> _GIVEN ENTRIES_:
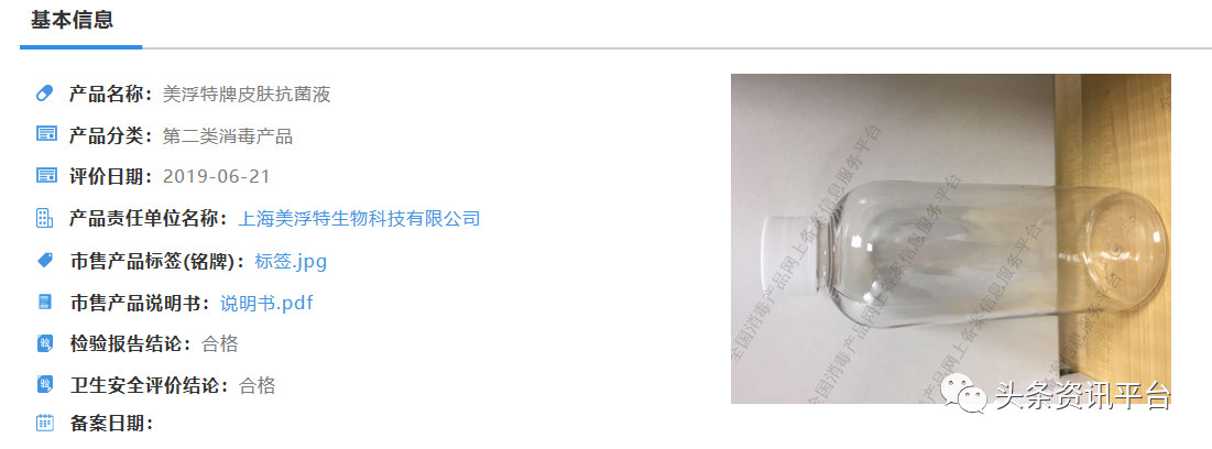据全国消毒产品网上备案信息服务平台显示,美浮特牌皮肤抗菌液是一款消毒产品,也就是俗称的“消字号”,生产企业许可证号为“沪卫消证字(2018)第0024号”,产品责任单位是上海美浮特生物科技有限公司,生产企业是上海米浮实业有限责任公司,其产品使用范围为“皮肤抗菌(用后及时清洗)”。在备案的使用范围内,该产品并无任何治疗作用。
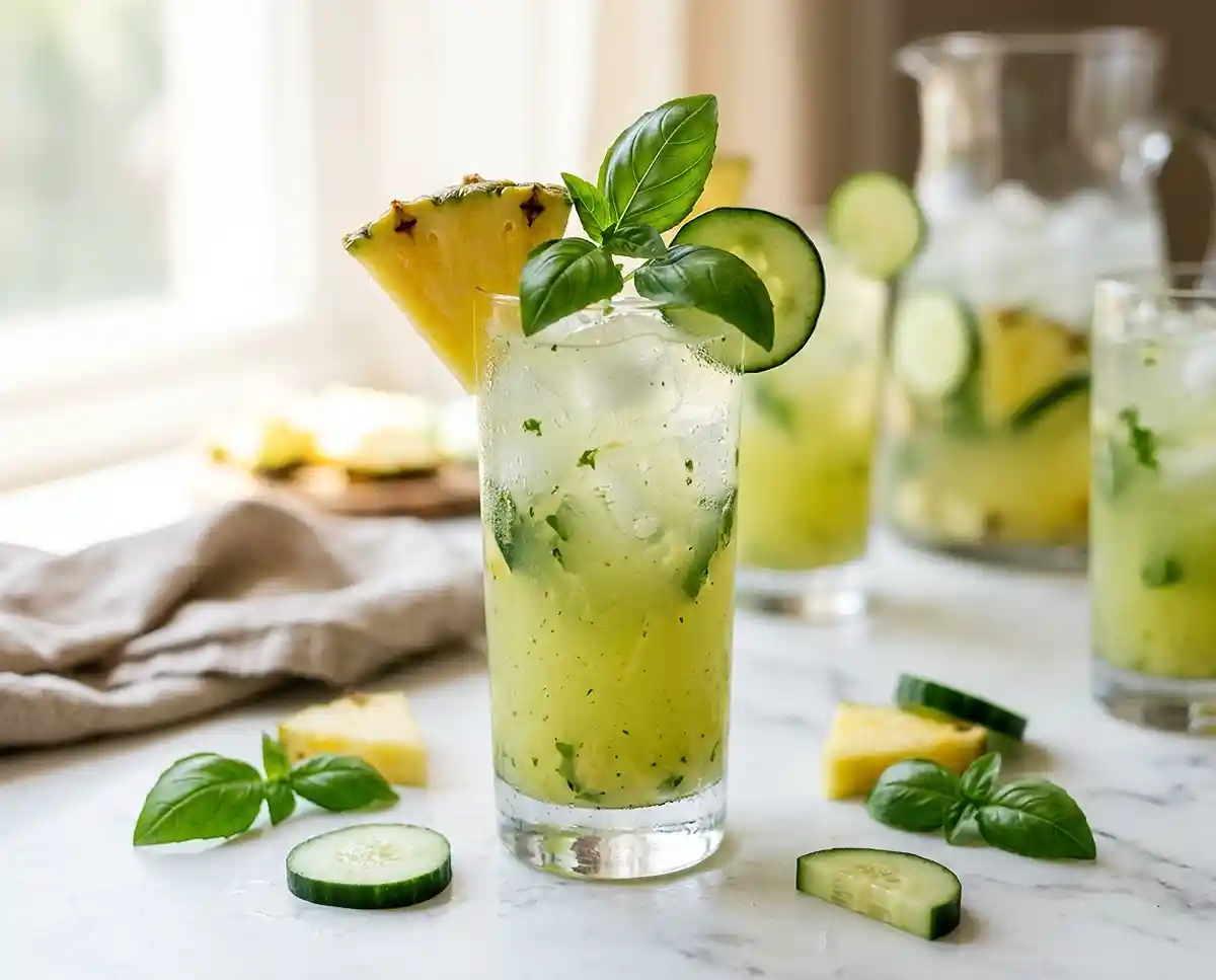 Gluten-free pineapple cucumber refresher with fresh basil—a hydrating summer sip that’s naturally dairy-free and allergy friendly. Ready in just 10 minutes!
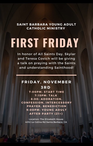 Join St. Barbara YAM on November 3rd for an evening of wisdom, adoration and after-party!
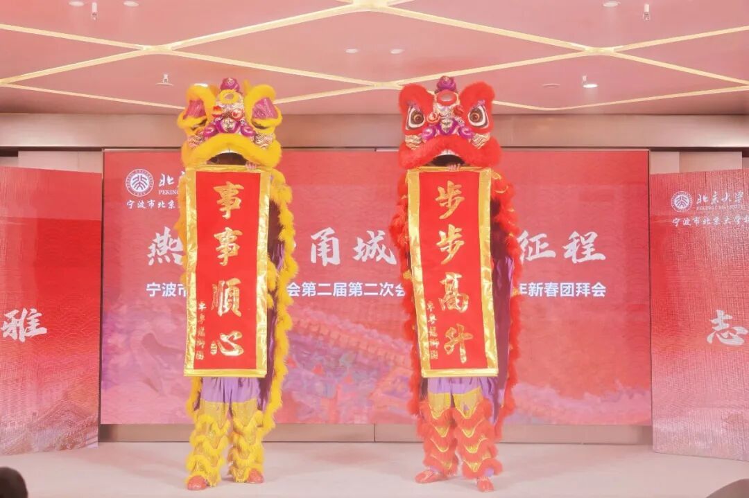团拜会上,宁波醒狮跃动开场,腾挪辗转间尽显欢腾瑞气;歌声《幸福中国一起走》声情并茂,唱响炽热家国情怀;非遗变脸绝技瞬间千面,引得满座称奇、掌声连连。各类节目如一幅徐徐展开的人文长卷,传统与时代交响,温情与昂扬共鸣,曼妙歌舞、校友自编自演的诗朗诵、器乐演奏等节目,充分展现出北大人的多才多艺与深厚校友情谊。由十六位校友倾情朗诵的《当燕园遇上甬城》,字句间流淌着对燕园的绵长思念,更饱含对甬城的深沉热爱,激起全场脉脉共鸣。昆曲《牡丹亭》经典选段婉转低回,水磨雅腔里尽展东方韵味。
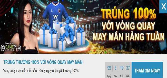 Trúng thưởng 100% vòng quay may mắn tại W88
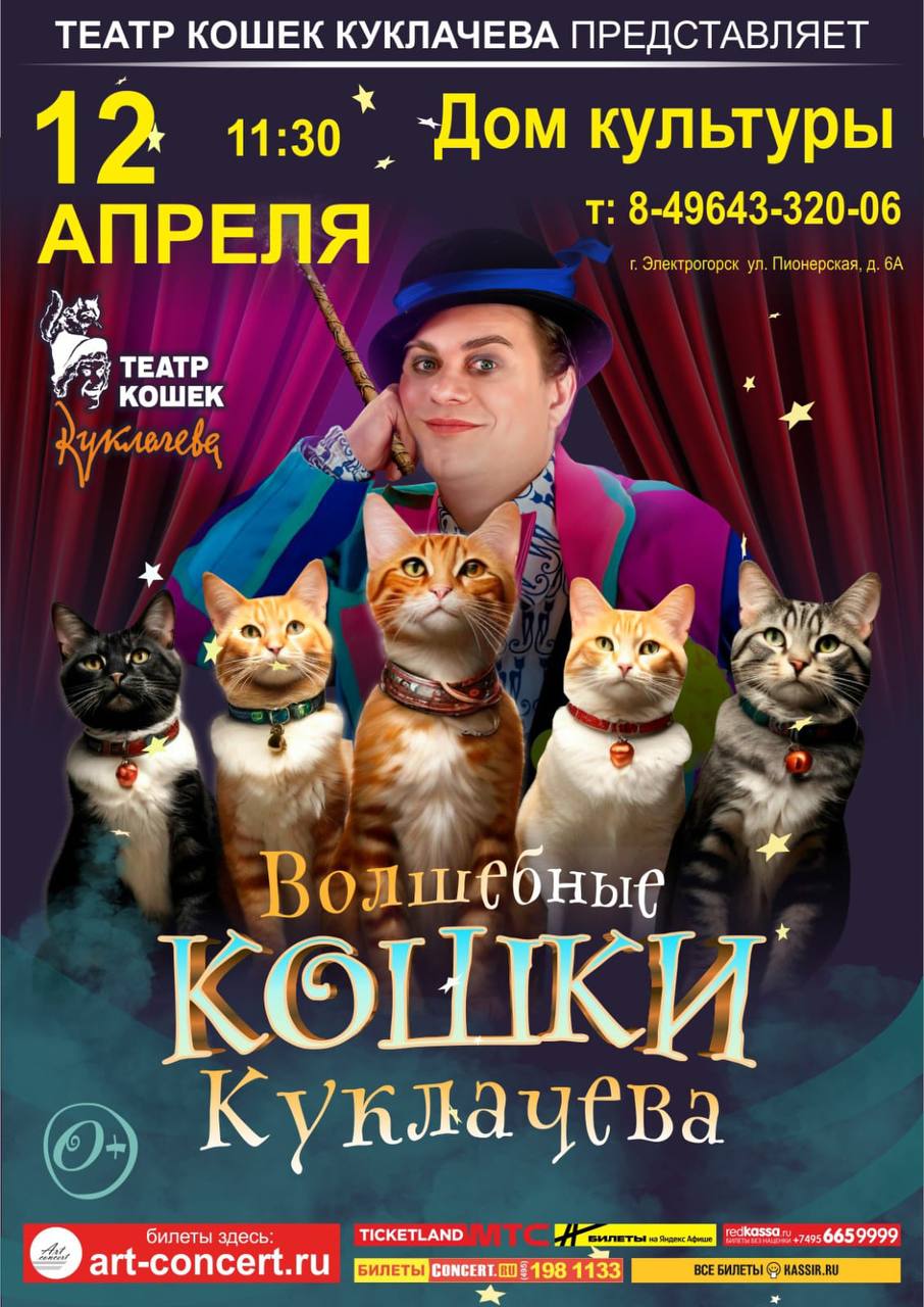 Фееричный спектакль, созданный младшим сыном народного артиста Юрия Куклачева и представленный в десятках городов России и Зарубежья, теперь в Электрогорске!
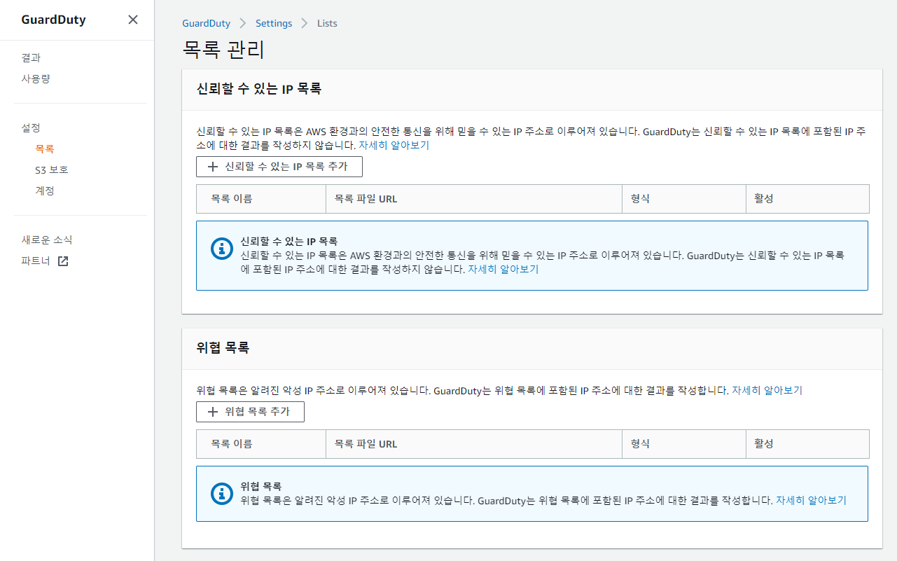 추가적으로 설정-목록 메뉴를 통해 신뢰할 수 있는 IP 목록을 추가하여 신뢰할 수 있는 소스 아이피는 모니터링에서 제외하거나, 위협적인 IP 목록을 설정하여 모니터링 대상 범위를 좁히는 것이 가능합니다.
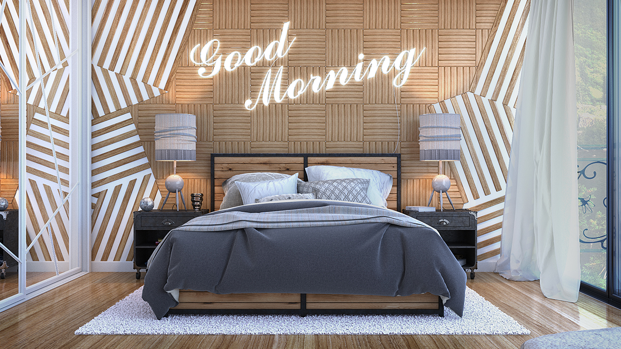 Un mix di texture e motivi geometrici per una camera da letto che non passa inosservata. Il legno naturale crea un'atmosfera calda e avvolgente, perfetta per iniziare la giornata con il sorriso.
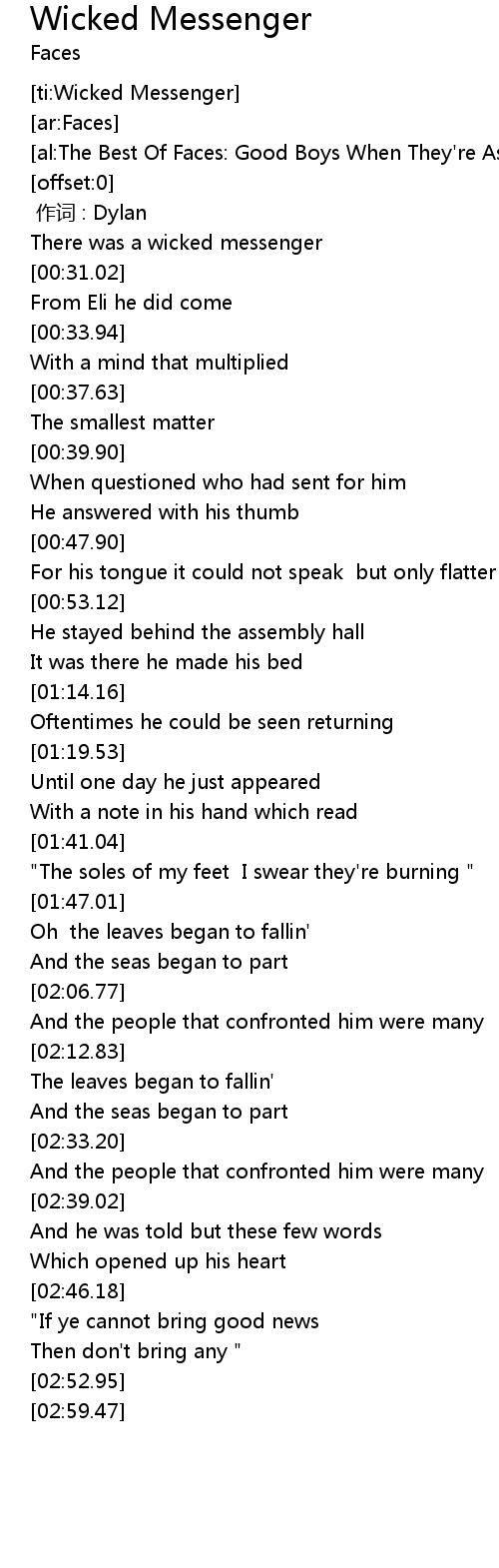 | [00:29.22] | There was a wicked messenger |
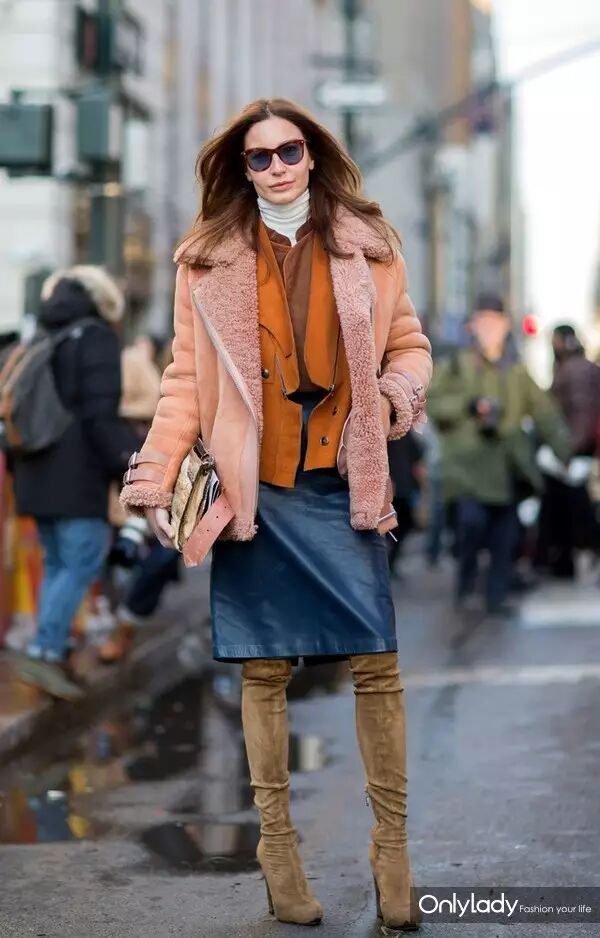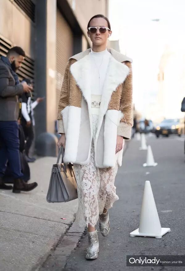 长款皮毛一体衣,竟非常适合夸张的裙裤、长裙,且会显得高雅温柔。
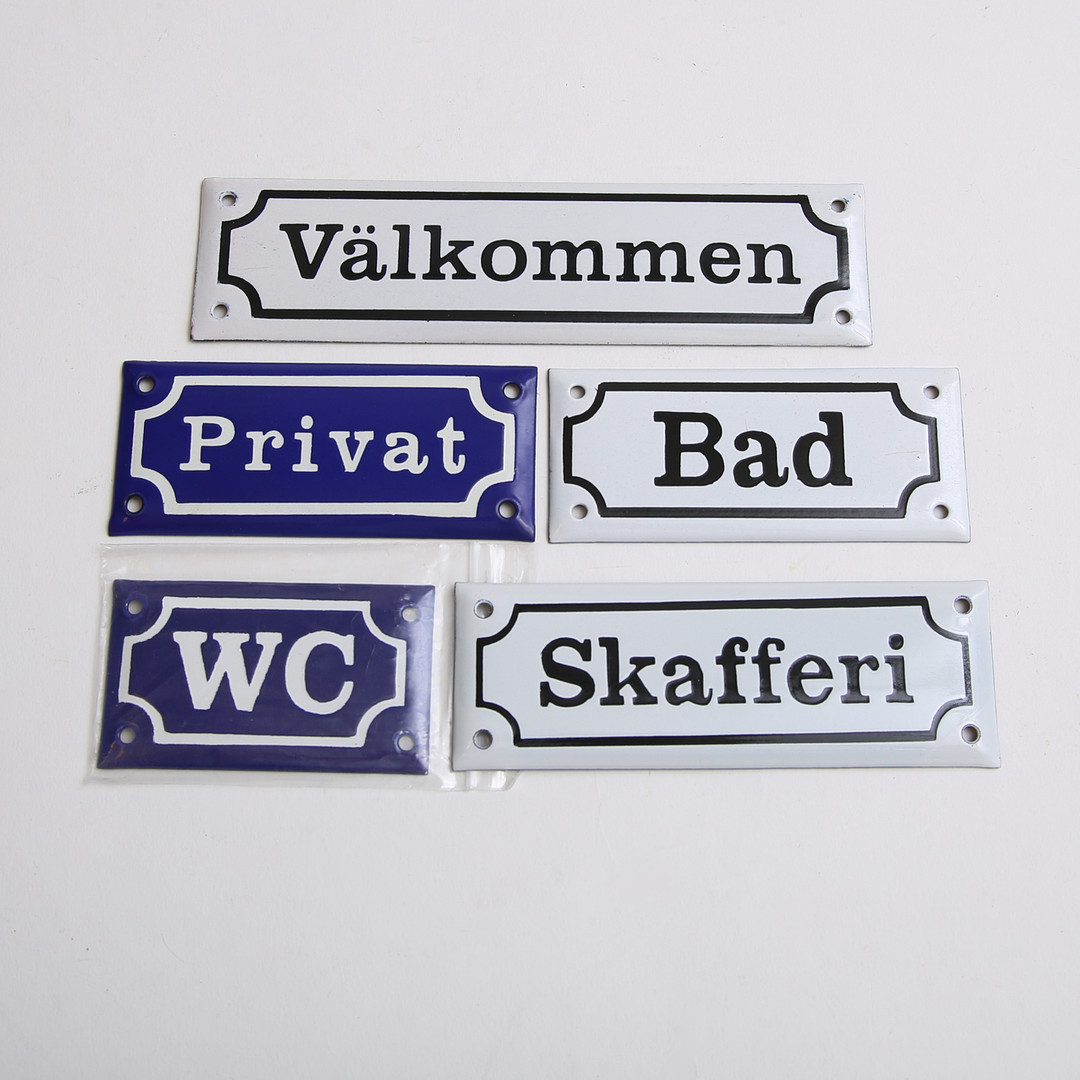 4366587. Emalikyltit, 5 kpl, nykyaikaiset.
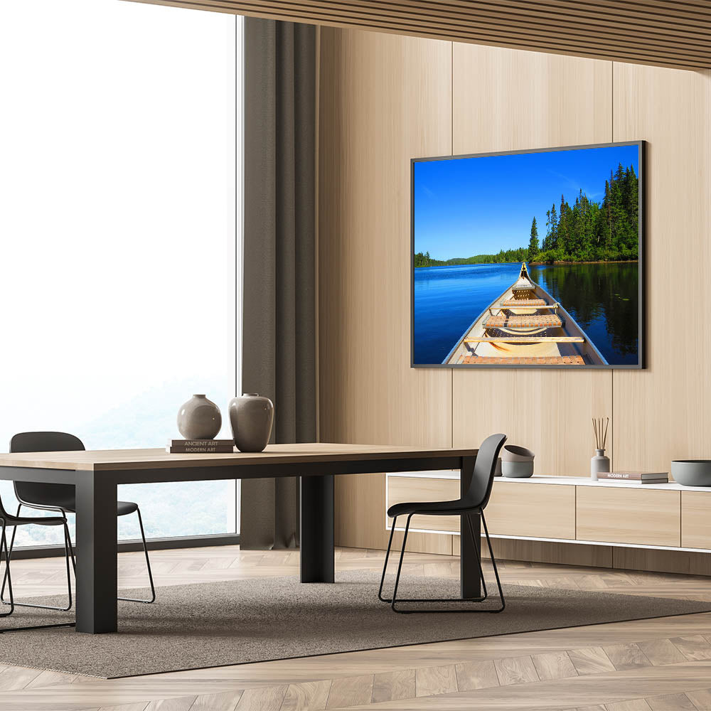Capture the tranquility of Quebec’s pristine wilderness with this stunning wall art featuring a serene canoe ride on a calm lake. This breathtaking artwork transports you to the heart of Quebec’s natural beauty, where the deep blue waters meet lush green forests, creating a peaceful and inviting atmosphere. The perspective from the canoe adds a sense of adventure, making this piece perfect for those who love the outdoors.
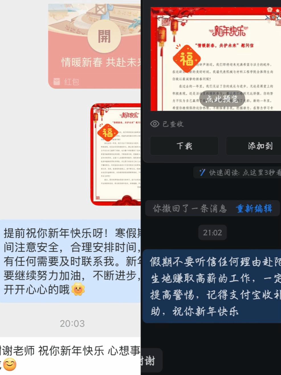 在慰问信中,学院鼓励学生勇敢面对生活中的挑战,珍惜在校学习的机会,努力成长为有理想、有担当的新时代青年。同时,老师们也提醒学生春节期间注意安全,合理安排假期时间,积极参与有益身心健康的活动。受助学生表示,这份来自学院的关爱让他们倍感温暖,他们承诺,将更加努力地学习,不断完善自我,在未来回报社会,传递爱心。
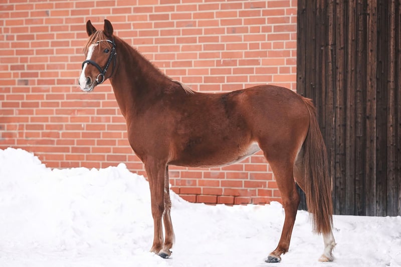 Directly from the breeder and for sale only due to breeding retirement. Filly *2023, chestnut with a light mane and tail Sire: Champ de Luxe (successfully competed up to L-level dressage and M*-show jumping, often placing among the top competitors against full-sized horses) Dam's Sire: Don’t Worry Be Happy (successful up to S-level dressage) Championess AK, affectionately known as “Nessi,” has three very good basic gaits and a very loving personality. She is very attentive to humans and loves cuddling. Currently overbuilt at approximately 1.45 m but will stay within standard height. Regularly seen by the farrier, already vaccinated against influenza, tetanus, and West Nile Virus. Awarded premium foal status and participated in the State Foal Championships in Steyerberg 2023, where she achieved second place in her class with excellent scores. Through her dam line, she is also a Welsh part-bred and placed second in her regional show class at the Hannover Regional Show in 2025. She already knows the bridle, leading, lunging with surcingle, and basic longeing/double longeing. She is being gently broken in and will be saddle-trained by summer. Price will increase with further training. If you are looking for a young pony with an honest character for both disciplines or for eventing, Nessi is the right choice. She wants to do everything right and is seeking her new partner for life who will introduce her to work with calmness and patience. Price: €7,000 Location: 31191 Serious inquiries are welcome via message. More information, videos, and photos can be provided upon request.

> _YOUR INSTRUCTIONS_: Print out the whole listing word for word. Leave the pictures out.

> _RESPONSE_:
据全国消毒产品网上备案信息服务平台显示,美浮特牌皮肤抗菌液是一款消毒产品,也就是俗称的“消字号”,生产企业许可证号为“沪卫消证字(2018)第0024号”,产品责任单位是上海美浮特生物科技有限公司,生产企业是上海米浮实业有限责任公司,其产品使用范围为“皮肤抗菌(用后及时清洗)”。在备案的使用范围内,该产品并无任何治疗作用。
 Gluten-free pineapple cucumber refresher with fresh basil—a hydrating summer sip that’s naturally dairy-free and allergy friendly. Ready in just 10 minutes!
 Join St. Barbara YAM on November 3rd for an evening of wisdom, adoration and after-party!
团拜会上,宁波醒狮跃动开场,腾挪辗转间尽显欢腾瑞气;歌声《幸福中国一起走》声情并茂,唱响炽热家国情怀;非遗变脸绝技瞬间千面,引得满座称奇、掌声连连。各类节目如一幅徐徐展开的人文长卷,传统与时代交响,温情与昂扬共鸣,曼妙歌舞、校友自编自演的诗朗诵、器乐演奏等节目,充分展现出北大人的多才多艺与深厚校友情谊。由十六位校友倾情朗诵的《当燕园遇上甬城》,字句间流淌着对燕园的绵长思念,更饱含对甬城的深沉热爱,激起全场脉脉共鸣。昆曲《牡丹亭》经典选段婉转低回,水磨雅腔里尽展东方韵味。
 Trúng thưởng 100% vòng quay may mắn tại W88
 Фееричный спектакль, созданный младшим сыном народного артиста Юрия Куклачева и представленный в десятках городов России и Зарубежья, теперь в Электрогорске!
 추가적으로 설정-목록 메뉴를 통해 신뢰할 수 있는 IP 목록을 추가하여 신뢰할 수 있는 소스 아이피는 모니터링에서 제외하거나, 위협적인 IP 목록을 설정하여 모니터링 대상 범위를 좁히는 것이 가능합니다.
 Un mix di texture e motivi geometrici per una camera da letto che non passa inosservata. Il legno naturale crea un'atmosfera calda e avvolgente, perfetta per iniziare la giornata con il sorriso.
 | [00:29.22] | There was a wicked messenger |
 长款皮毛一体衣,竟非常适合夸张的裙裤、长裙,且会显得高雅温柔。
 4366587. Emalikyltit, 5 kpl, nykyaikaiset.
Capture the tranquility of Quebec’s pristine wilderness with this stunning wall art featuring a serene canoe ride on a calm lake. This breathtaking artwork transports you to the heart of Quebec’s natural beauty, where the deep blue waters meet lush green forests, creating a peaceful and inviting atmosphere. The perspective from the canoe adds a sense of adventure, making this piece perfect for those who love the outdoors.
 在慰问信中,学院鼓励学生勇敢面对生活中的挑战,珍惜在校学习的机会,努力成长为有理想、有担当的新时代青年。同时,老师们也提醒学生春节期间注意安全,合理安排假期时间,积极参与有益身心健康的活动。受助学生表示,这份来自学院的关爱让他们倍感温暖,他们承诺,将更加努力地学习,不断完善自我,在未来回报社会,传递爱心。
 Directly from the breeder and for sale only due to breeding retirement. Filly *2023, chestnut with a light mane and tail Sire: Champ de Luxe (successfully competed up to L-level dressage and M*-show jumping, often placing among the top competitors against full-sized horses) Dam's Sire: Don’t Worry Be Happy (successful up to S-level dressage) Championess AK, affectionately known as “Nessi,” has three very good basic gaits and a very loving personality. She is very attentive to humans and loves cuddling. Currently overbuilt at approximately 1.45 m but will stay within standard height. Regularly seen by the farrier, already vaccinated against influenza, tetanus, and West Nile Virus. Awarded premium foal status and participated in the State Foal Championships in Steyerberg 2023, where she achieved second place in her class with excellent scores. Through her dam line, she is also a Welsh part-bred and placed second in her regional show class at the Hannover Regional Show in 2025. She already knows the bridle, leading, lunging with surcingle, and basic longeing/double longeing. She is being gently broken in and will be saddle-trained by summer. Price will increase with further training. If you are looking for a young pony with an honest character for both disciplines or for eventing, Nessi is the right choice. She wants to do everything right and is seeking her new partner for life who will introduce her to work with calmness and patience. Price: €7,000 Location: 31191 Serious inquiries are welcome via message. More information, videos, and photos can be provided upon request.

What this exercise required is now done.